Each entry below should be given again exactly; the pictures stay out.

(TASK INPUT Opens)

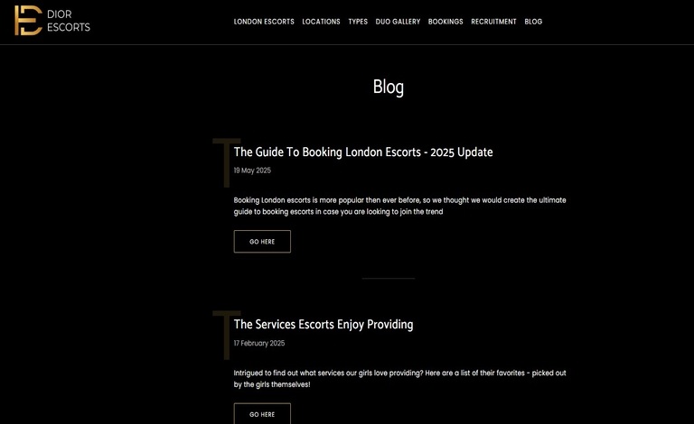 The blog looks good. It uses black, gold, and gray. This style fits with the fancy look of the escorts. The logo of Dior Escorts is at the top, with the website menu to help you find what you need.
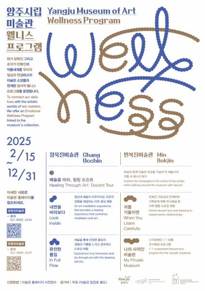 이번 웰니스 프로그램을 통해 양주시립미술관은 한국 근현대 미술을 대표하는 두 예술가의 작품세계와 우리의 일상을 연결하는 소장품 활용을 통해 관람객에게 ‘정서적 치유’라는 새로운 관람 경험을 제공할 것으로 기대된다.
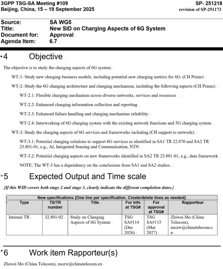 6G系统计费研究立项
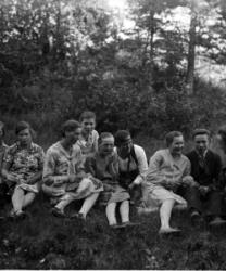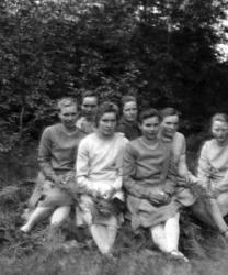 vasem. 1. Väinö Harju, 2. ?, 3. ?, 4. Artturi Autio, 5. Irja Holkko, 6. ?, 7. Saima Uusitalo, 8. Reino Hauskamaa
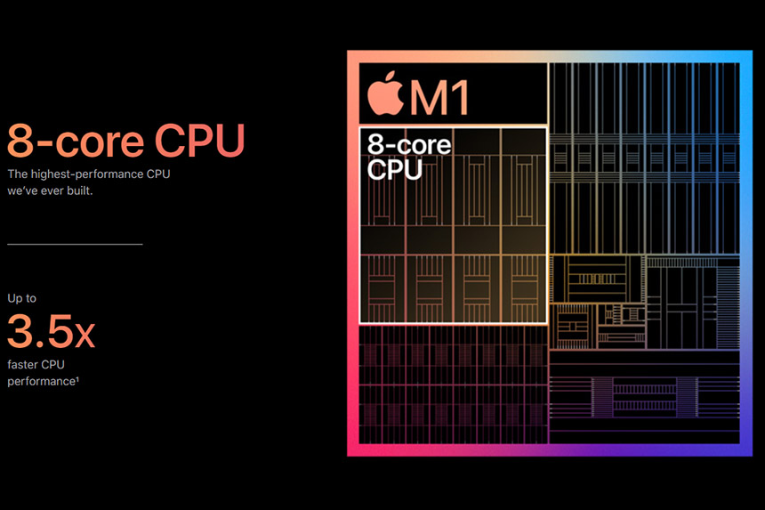 애플 실리콘 M1 프로세서는 8코어 구성되어 있습니다. 그리고 기존 제품 대비 3.5배 정도 빠르다고 하는데요. 아마도 자사에 탑재되었던 가장 저가 라인업과 비교를 한 것으로 보입니다.
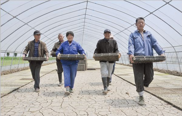 永存粮食种植专业合作社的工人在大棚里搬运水稻秧苗。
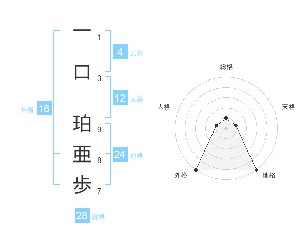 一口 珀亜歩さんを姓名の画数から五運を鑑定
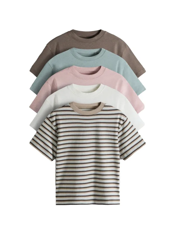 Design: Gevoerde zoom/rand, Oversized; Materiaal: Jersey; Halstype: Ronde hals; Extra's: All-over patroon; Pasvorm: Wijde pasvorm; Aantal: 5 Pack; Armlengte: Halve mouw
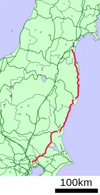 The Jōban Line (Japanese: 常磐線, Hepburn: Jōban-sen) is a railway line in Japan operated by the East Japan Railway Company (JR East). The line officially begins at Nippori Station in Arakawa, Tokyo before the line officially ends at Iwanuma Station in Iwanuma, Miyagi.[1] However, following the opening of the Ueno–Tokyo Line, Jōban Line train services originate at Shinagawa or Ueno; likewise, Jōban Line trains continue past Iwanuma onto the Tōhoku Main Line tracks to Sendai.[2] The line approximately parallels the Pacific coasts of Chiba, Ibaraki, and Fukushima Prefectures.
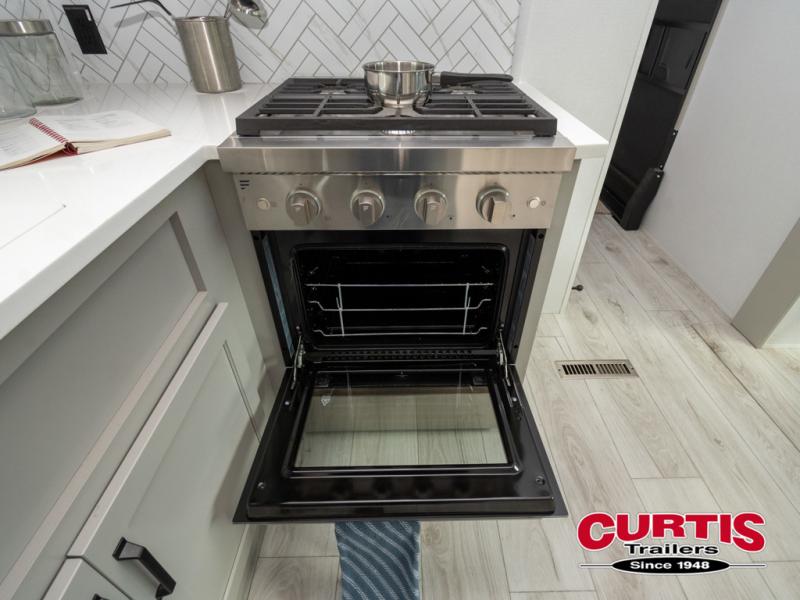 Live the high life with a Keystone Montana High Country fifth wheel! You'll have all the luxury you need with these units. They come with a MaxTurn™ front cap with KeyShield™ automotive-grade paint, a fully walkable roof with Alpha seamless TPO membrane system, and an insulated underbelly with forced hot air and electric tank heaters. The MORryde CRE3000 suspension with wet bolts helps provide a smooth tow, and the Ground Control® four-point electric auto-leveling with hitch memory will make set-up quite easy. The interior is elegantly appointed with the Thomas Payne Collection furniture, hardwood decorative slide-out fascia, Beauflor® vinyl throughout, accent crown molding, and premium solid surface kitchen countertops.

(TASK INPUT Closes)

ANSWER SECTION ->
 The blog looks good. It uses black, gold, and gray. This style fits with the fancy look of the escorts. The logo of Dior Escorts is at the top, with the website menu to help you find what you need.
 이번 웰니스 프로그램을 통해 양주시립미술관은 한국 근현대 미술을 대표하는 두 예술가의 작품세계와 우리의 일상을 연결하는 소장품 활용을 통해 관람객에게 ‘정서적 치유’라는 새로운 관람 경험을 제공할 것으로 기대된다.
 6G系统计费研究立项
 vasem. 1. Väinö Harju, 2. ?, 3. ?, 4. Artturi Autio, 5. Irja Holkko, 6. ?, 7. Saima Uusitalo, 8. Reino Hauskamaa
 애플 실리콘 M1 프로세서는 8코어 구성되어 있습니다. 그리고 기존 제품 대비 3.5배 정도 빠르다고 하는데요. 아마도 자사에 탑재되었던 가장 저가 라인업과 비교를 한 것으로 보입니다.
 永存粮食种植专业合作社的工人在大棚里搬运水稻秧苗。
 一口 珀亜歩さんを姓名の画数から五運を鑑定
 Design: Gevoerde zoom/rand, Oversized; Materiaal: Jersey; Halstype: Ronde hals; Extra's: All-over patroon; Pasvorm: Wijde pasvorm; Aantal: 5 Pack; Armlengte: Halve mouw
 The Jōban Line (Japanese: 常磐線, Hepburn: Jōban-sen) is a railway line in Japan operated by the East Japan Railway Company (JR East). The line officially begins at Nippori Station in Arakawa, Tokyo before the line officially ends at Iwanuma Station in Iwanuma, Miyagi.[1] However, following the opening of the Ueno–Tokyo Line, Jōban Line train services originate at Shinagawa or Ueno; likewise, Jōban Line trains continue past Iwanuma onto the Tōhoku Main Line tracks to Sendai.[2] The line approximately parallels the Pacific coasts of Chiba, Ibaraki, and Fukushima Prefectures.
 Live the high life with a Keystone Montana High Country fifth wheel! You'll have all the luxury you need with these units. They come with a MaxTurn™ front cap with KeyShield™ automotive-grade paint, a fully walkable roof with Alpha seamless TPO membrane system, and an insulated underbelly with forced hot air and electric tank heaters. The MORryde CRE3000 suspension with wet bolts helps provide a smooth tow, and the Ground Control® four-point electric auto-leveling with hitch memory will make set-up quite easy. The interior is elegantly appointed with the Thomas Payne Collection furniture, hardwood decorative slide-out fascia, Beauflor® vinyl throughout, accent crown molding, and premium solid surface kitchen countertops.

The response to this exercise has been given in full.